Sandy Chapman éteint la radio. Grogne, grommelle. Raideurs dans les articulations, il se sent vieux. Le soleil entre à flots dans la chambre aux parois vitrées et emplie de plantes ; il fait chaud, moite, ça sent comme dans une serre. Sandy parvient tant bien que mal à se mettre en position assise. Angela est partie depuis longtemps, pour aller bosser dans les salles de thérapie corporelle de l’hôpital St. Joseph.

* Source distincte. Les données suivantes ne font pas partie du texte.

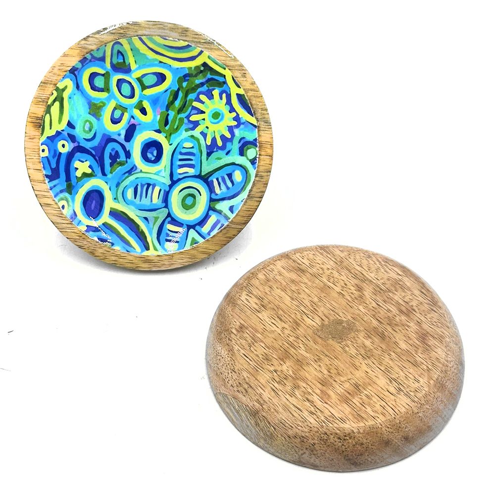 When Ngurunderi travelled through what is now Ngarrindjeri country he came down the Murray River in his canoe. At that time it was just a small stream. Ngurunderi was looking for his two wives who had run away from him and was following Pondi, the big Murray Cod who had created the twists and turns of the river when sweeping his huge tail from side to side. Ngurunderi was trying to spear Pondi all the way along the journey.Together they formed the Murray River, lakes and landforms and everything in Ngarrindjeri Country. Ngurunderi made the rain that feeds the river and the country. With the rain came the rainbow, which can be seen in this painting. Ngurunderi also made the Ngarrindjeri people, who live along and around the River Murray, lakes, the Coorong region and across to Cape Jervis and the southern regions of what is now Adelaide. Ngurunderi travelled with his family and they also played a part in the creation of Ngarrindjeri country. Ngurunderi taught everyone the lore, dance, song, how to hunt and live and everything they needed to survive in their country. When they reached Lake Alexandrina Nepele, Ngurunderi�s brother in law, helped spear and kill Pondi. Ngurunderi cut Pondi into many pieces, each piece creating a new species of fish that now populates the river system. Ngurunderi never did catch his wives who drowned when crossing to Kangaroo Island, which was still joined to the mainland at that time. At this point Ngurunderi joined the spirit world becoming a star in the Milky Way. In July 2015 Cedric was given a grant by Arts SA. for professional development and cultural research. With the support of Better World Arts, Cedric pursued an intensive program of studying archived information at the South Australian Museum. He spent time talking to Ngarrindjeri elders and researching his Ngarrindjeri heritage in some depth. During the same time period Cedric undertook some developmental workshops focused on his painting. These workshops provided life drawing, brush techniques and colour theory components, providing tools and knowledge for Cedric to include in the technical sides of his art. The results of these inputs into Cedric�s artistic and cultural development were immediately evident. Cedric continues to develop as an artist.

Toutes les luisantes feuilles verdoyantes se brouillent. Vision quelque peu floue – un peu trop cillé la veille, comme toujours, ça produit un genre de gueule de bois oculaire, comme s’il avait encaissé des lacrymos ou qu’on lui avait passé la cornée au sable ou je ne sais quoi. Il a l’habitude. Il se lève, rame vers la salle de bains. Le visage dans le miroir a l’air ravagé. Cernes appuyés soulignant des yeux rouge vif, barbe de plusieurs jours, langue chargée, longs cheveux rouges échappés de la queue-de-cheval, comme s’il avait été électrocuté. Pas de doute, c’est le matin. Onkr.

Dans la cuisine, il met la cafetière en route, reste assis à contempler la San Diego Freeway, dehors, jusqu’à ce que ça soit prêt. Retour à la chambre, où il s’assied par terre au milieu des plantes. Cille un peu d’Appréhension de la Beauté… Ah. Ça va mieux. La simple lubrification lui fait du bien. Il sirote son café, se détend, l’esprit vide : pas de soucis, pas de projets. Odeurs de café, de plantes à la chaleur, de terre mouillée. « , c’est pour ça qu’ma java est rouge et blanche et verte, entonne-t-il, le sang dans la jungle, la machine blanche qui fume… » C’est son seul moment de tranquillité de la journée, au milieu des feuilles cireuses qui luisent d’un vert translucide dans l’air ensoleillé traversé de fétus infinitésimaux ; tout est visible, c’est un monde de lumière et de couleurs…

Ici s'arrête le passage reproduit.